» **YOUR OBJECTIVE**: Give back the whole listing word for word and skip each picture.

» **STORED DATA**:

━━━━━━━━━━━━━━━━━━━━━━━━━━━━━━

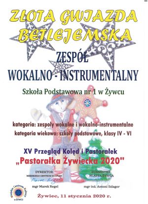 Z radością informujemy, że zespół wokalno - instrumentalny naszej szkoły zajął w swej kategorii I miejsce w XV Przeglądzie Kolęd i Pastorałek „Pastorałka Żywiecka 2020” i w sobotę, 11 stycznia 2020 r., wystąpił w konkursie finałowym w MCK w Żywcu.
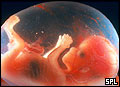 The foetus is about 5cm long with its head tucked onto its chest. It has most its major organs and eyes and ears are developing.
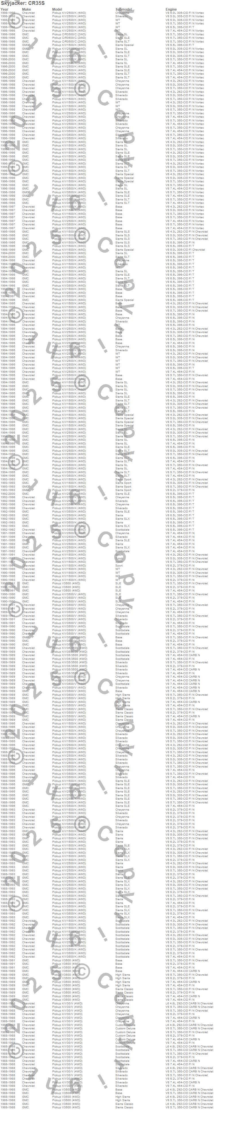 C3500 Pickup, K1500, K1500 Pickup, K2500 Pickup, K3500 Pickup, V30 Pickup, V3500 Pickup, Chevrolet, GMC, 2000, 1999, 1998, 1997, 1996, 1995, 1994, 1993, 1992, 1991, 1990

━━━━━━━━━━━━━━━━━━━━━━━━━━━━━━

» **EXPECTED ANSWER**:
 Z radością informujemy, że zespół wokalno - instrumentalny naszej szkoły zajął w swej kategorii I miejsce w XV Przeglądzie Kolęd i Pastorałek „Pastorałka Żywiecka 2020” i w sobotę, 11 stycznia 2020 r., wystąpił w konkursie finałowym w MCK w Żywcu.
 The foetus is about 5cm long with its head tucked onto its chest. It has most its major organs and eyes and ears are developing.
 C3500 Pickup, K1500, K1500 Pickup, K2500 Pickup, K3500 Pickup, V30 Pickup, V3500 Pickup, Chevrolet, GMC, 2000, 1999, 1998, 1997, 1996, 1995, 1994, 1993, 1992, 1991, 1990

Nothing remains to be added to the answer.